Chance in The Courtroom

By Chris Nilsen.

A judge's gavel and a scale
When legal arguments reach a perfect impasse, sometimes justice turns to chance.

The courtroom is a place of logic, evidence, and reasoned argument. The idea of a judge resorting to a coin flip seems like something out of a comedy sketch. However, while exceedingly rare, the practice is not entirely unheard of. The legal concept of "sortition¹," or decision by lot, has ancient roots and occasionally finds its way into modern jurisprudence when all other methods of resolution have failed, and two opposing sides have an equally valid claim.

This is not used to determine guilt or innocence. Instead, a coin toss might be employed to settle minor, procedural deadlocks where the law provides no clear guidance. For example, imagine two equally qualified creditors with identical claims on a debtor's last remaining asset. If the asset cannot be divided and both have a perfect legal right to it, a judge might be faced with an impossible choice. In some documented cases, judges have, with the consent of both parties, used a coin flip as the only truly impartial way to break such a tie.

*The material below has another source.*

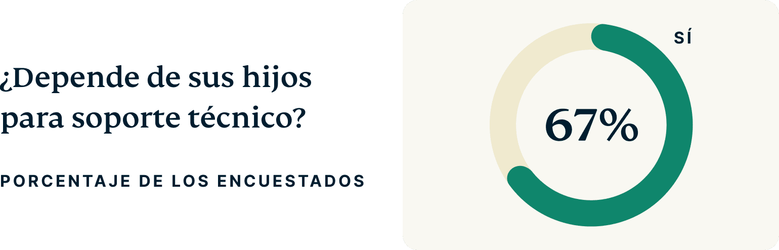 Nuestra encuesta demostró que muchos adultos mayores dependen de sus familias para soporte técnico. Alrededor del 66% de los encuestados de la Generación X dependen de sus hijos para obtener ayuda, y esta necesidad solo crece con la edad. Para los Baby Boomers, ese número sube al 69%, y para los Boomers mayores, es del 71%.

In a 2006 case in Florida², two lawyers arguing over a minor discovery dispute were ordered by the judge to settle it with a game of "rock-paper-scissors" on the courthouse steps. While not a coin flip, the principle is the same. It serves as a stark reminder that even within the most structured systems of human logic, there are moments of perfect equilibrium where the only fair arbiter left is pure, unbiased chance.